A tax credit for synthetic fuel wreaks havoc on coal markets.
The recent introduction of synthetic coal products has upset the fragile balance between supply and demand in the U.S. coal market. A recent study by Resource Data International (RDI) on synthetic coal finds that imbalance is being driven by the operation of more than 40 facilities that were rushed into commercial service to meet a July 1, 1998, deadline to qualify for a tax credit. Favorable treatment by the U.S. tax code will encourage synthetic coal producers to continue expanding production levels to as much as 30 million tons per year, significantly influencing utility steam coal markets for the foreseeable future.
The amount of the tax credit is based on the Btu content of the final product, less any Btus contained in the binding or agglomerating material. The tax credit amount also is based upon the cost of a barrel of oil and adjusted for inflation each year. The credit currently is worth approximately $25 a ton for synfuel with a heat content of 12,500 Btu per pound.
As development problems have been overcome and volumes increased, many synthetic coal plant developers are exiting the business by selling their ownership interests to entities with large tax liabilities that can use the tax credits. Among the buyers have been several electric utilities including Detroit Edison, Florida Progress, Pacificorp, SCANA, and TECO Energy. The plants have been purchased either by the utility directly or through nonregulated subsidiaries.

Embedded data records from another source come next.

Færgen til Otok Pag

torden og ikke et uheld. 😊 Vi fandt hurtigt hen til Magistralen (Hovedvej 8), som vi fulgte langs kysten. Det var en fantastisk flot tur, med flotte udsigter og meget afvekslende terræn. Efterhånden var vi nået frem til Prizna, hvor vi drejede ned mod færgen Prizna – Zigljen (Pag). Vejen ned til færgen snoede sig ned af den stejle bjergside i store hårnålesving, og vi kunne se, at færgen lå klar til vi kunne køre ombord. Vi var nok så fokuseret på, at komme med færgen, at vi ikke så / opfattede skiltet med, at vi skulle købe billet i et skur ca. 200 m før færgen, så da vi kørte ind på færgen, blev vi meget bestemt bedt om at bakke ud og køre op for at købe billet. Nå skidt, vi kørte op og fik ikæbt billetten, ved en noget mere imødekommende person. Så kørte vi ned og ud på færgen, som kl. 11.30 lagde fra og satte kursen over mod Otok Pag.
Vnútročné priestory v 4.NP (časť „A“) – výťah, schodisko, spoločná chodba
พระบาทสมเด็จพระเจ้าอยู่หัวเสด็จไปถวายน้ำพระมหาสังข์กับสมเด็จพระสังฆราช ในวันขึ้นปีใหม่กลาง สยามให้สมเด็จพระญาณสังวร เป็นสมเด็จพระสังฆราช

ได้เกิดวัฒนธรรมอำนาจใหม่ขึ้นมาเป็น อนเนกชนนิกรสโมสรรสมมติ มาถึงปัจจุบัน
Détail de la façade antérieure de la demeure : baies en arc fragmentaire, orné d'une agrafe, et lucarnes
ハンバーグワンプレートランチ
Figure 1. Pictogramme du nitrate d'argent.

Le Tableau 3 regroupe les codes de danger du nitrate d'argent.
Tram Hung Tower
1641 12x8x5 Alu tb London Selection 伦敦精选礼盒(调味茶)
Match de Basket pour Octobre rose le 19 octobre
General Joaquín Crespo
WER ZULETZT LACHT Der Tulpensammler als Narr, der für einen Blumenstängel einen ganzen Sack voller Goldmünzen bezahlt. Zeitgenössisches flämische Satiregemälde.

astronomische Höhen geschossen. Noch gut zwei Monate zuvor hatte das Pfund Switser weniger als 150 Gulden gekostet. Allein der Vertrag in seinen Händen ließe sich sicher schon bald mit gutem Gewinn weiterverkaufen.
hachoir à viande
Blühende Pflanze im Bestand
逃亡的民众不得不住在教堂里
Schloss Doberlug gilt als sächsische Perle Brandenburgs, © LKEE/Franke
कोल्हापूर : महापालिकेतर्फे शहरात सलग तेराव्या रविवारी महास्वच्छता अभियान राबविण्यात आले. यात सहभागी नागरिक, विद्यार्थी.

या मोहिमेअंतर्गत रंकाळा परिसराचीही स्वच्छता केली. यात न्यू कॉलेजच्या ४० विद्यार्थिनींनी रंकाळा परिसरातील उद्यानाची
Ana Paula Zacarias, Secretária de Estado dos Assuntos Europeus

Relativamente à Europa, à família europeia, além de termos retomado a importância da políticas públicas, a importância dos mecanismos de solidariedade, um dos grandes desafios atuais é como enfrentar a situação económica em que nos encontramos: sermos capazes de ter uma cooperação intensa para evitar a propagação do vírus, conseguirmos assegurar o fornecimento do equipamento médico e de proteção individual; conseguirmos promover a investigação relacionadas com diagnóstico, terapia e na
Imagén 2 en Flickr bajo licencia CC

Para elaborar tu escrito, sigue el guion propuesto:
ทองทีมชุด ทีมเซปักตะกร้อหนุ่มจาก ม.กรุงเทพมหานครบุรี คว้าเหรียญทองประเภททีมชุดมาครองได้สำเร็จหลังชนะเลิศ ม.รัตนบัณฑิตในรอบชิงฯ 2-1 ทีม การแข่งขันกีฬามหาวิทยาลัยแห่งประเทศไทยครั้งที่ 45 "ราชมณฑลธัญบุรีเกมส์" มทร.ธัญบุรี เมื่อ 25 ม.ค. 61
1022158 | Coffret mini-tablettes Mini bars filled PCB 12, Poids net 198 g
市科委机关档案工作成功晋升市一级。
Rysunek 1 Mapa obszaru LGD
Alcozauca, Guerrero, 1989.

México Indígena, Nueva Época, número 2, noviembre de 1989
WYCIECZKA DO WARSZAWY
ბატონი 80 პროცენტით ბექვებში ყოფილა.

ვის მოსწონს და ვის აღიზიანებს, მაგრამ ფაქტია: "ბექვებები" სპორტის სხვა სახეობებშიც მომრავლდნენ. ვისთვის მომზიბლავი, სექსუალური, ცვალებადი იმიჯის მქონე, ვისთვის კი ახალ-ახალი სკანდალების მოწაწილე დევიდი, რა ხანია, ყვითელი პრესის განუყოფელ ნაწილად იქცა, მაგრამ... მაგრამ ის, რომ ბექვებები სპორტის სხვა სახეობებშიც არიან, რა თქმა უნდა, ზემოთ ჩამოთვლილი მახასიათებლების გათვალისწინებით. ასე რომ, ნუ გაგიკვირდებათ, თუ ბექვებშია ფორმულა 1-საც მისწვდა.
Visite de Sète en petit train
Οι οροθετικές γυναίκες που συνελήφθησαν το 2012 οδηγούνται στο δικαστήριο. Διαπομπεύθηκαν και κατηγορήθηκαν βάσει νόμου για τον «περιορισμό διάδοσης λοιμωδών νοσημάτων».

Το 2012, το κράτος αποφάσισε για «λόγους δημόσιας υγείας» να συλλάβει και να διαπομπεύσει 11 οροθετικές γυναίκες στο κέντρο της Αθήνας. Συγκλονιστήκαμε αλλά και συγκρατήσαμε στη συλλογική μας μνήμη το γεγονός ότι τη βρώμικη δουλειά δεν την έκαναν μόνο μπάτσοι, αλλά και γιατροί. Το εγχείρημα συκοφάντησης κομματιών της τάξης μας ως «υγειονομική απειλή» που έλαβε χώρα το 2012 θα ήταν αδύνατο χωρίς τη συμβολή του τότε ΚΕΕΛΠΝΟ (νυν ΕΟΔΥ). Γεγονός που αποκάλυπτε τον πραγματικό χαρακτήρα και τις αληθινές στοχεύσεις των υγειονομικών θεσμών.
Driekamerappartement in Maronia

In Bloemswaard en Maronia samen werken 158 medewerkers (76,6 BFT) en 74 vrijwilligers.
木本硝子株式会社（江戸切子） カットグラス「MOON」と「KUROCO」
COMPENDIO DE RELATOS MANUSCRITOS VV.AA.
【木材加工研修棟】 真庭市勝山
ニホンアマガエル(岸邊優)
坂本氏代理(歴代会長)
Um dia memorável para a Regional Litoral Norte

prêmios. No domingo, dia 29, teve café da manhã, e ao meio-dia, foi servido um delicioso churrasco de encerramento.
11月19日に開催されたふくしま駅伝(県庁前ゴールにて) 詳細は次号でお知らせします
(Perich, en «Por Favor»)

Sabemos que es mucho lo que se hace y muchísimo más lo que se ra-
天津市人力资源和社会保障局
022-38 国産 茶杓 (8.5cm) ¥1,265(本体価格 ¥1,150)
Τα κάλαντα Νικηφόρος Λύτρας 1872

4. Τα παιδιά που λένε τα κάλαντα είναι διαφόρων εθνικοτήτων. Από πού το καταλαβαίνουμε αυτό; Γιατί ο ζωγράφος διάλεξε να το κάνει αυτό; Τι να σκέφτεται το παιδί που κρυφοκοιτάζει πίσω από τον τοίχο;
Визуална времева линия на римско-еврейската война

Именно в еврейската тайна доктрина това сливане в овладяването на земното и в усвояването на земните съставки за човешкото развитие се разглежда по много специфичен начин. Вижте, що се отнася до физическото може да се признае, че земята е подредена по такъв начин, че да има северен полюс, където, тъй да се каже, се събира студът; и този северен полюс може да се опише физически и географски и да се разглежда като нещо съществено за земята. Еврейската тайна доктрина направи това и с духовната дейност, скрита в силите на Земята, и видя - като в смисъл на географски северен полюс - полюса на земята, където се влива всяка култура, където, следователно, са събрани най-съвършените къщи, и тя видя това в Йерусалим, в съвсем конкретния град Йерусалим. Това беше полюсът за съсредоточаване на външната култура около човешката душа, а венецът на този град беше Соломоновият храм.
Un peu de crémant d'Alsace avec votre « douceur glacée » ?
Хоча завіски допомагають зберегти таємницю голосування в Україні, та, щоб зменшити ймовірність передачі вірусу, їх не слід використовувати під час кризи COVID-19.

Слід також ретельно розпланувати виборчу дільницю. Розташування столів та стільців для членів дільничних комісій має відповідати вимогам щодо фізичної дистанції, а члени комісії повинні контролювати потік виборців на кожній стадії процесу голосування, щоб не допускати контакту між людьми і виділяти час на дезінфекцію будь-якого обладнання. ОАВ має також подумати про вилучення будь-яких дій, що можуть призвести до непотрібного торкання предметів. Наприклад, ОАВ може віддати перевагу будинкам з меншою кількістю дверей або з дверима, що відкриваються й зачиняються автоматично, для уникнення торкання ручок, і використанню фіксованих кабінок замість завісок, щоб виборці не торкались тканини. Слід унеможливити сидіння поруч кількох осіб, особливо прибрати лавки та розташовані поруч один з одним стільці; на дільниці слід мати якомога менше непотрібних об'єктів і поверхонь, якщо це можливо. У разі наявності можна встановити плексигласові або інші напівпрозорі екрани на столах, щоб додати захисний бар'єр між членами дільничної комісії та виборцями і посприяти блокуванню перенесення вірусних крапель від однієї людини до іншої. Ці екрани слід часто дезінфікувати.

Beyond the developers of synthetic coal plants, another beneficiary of this tax credit are purchasers of traditional coal and purchasers of synthetic coal. Synthetic coal buyers have benefited from the lower prices that synthetic coal operators are passing along to the market to ensure sale of their material. Traditional coal buyers have benefited from the erosion in coal prices as synthetic coal is dumped into the market in varying degrees. By extension, coal from other source regions also is affected.
The results of increasing volumes of synthetic coal are just starting to be felt. Prices of Central Appalachian coal free-on-board barge on the Big Sandy River have fallen by 10 percent in the last 12 months, mostly due to the arrival of numerous synthetic coal plants in the area. The expected advance of low-sulfur Southern Powder River Basin coal into unscrubbed Eastern U.S. markets has slowed as well, which has contributed to depressed prices for that coal.
RDI estimates that synthetic coal production has the potential to exceed 30 million tons per year. With an average tax credit of $25 per ton, that could amount to tax credits totaling $750 million per year. This development will continue to distort regional coal markets for the next eight years, because the tax credit will not expire until Jan. 1, 2008.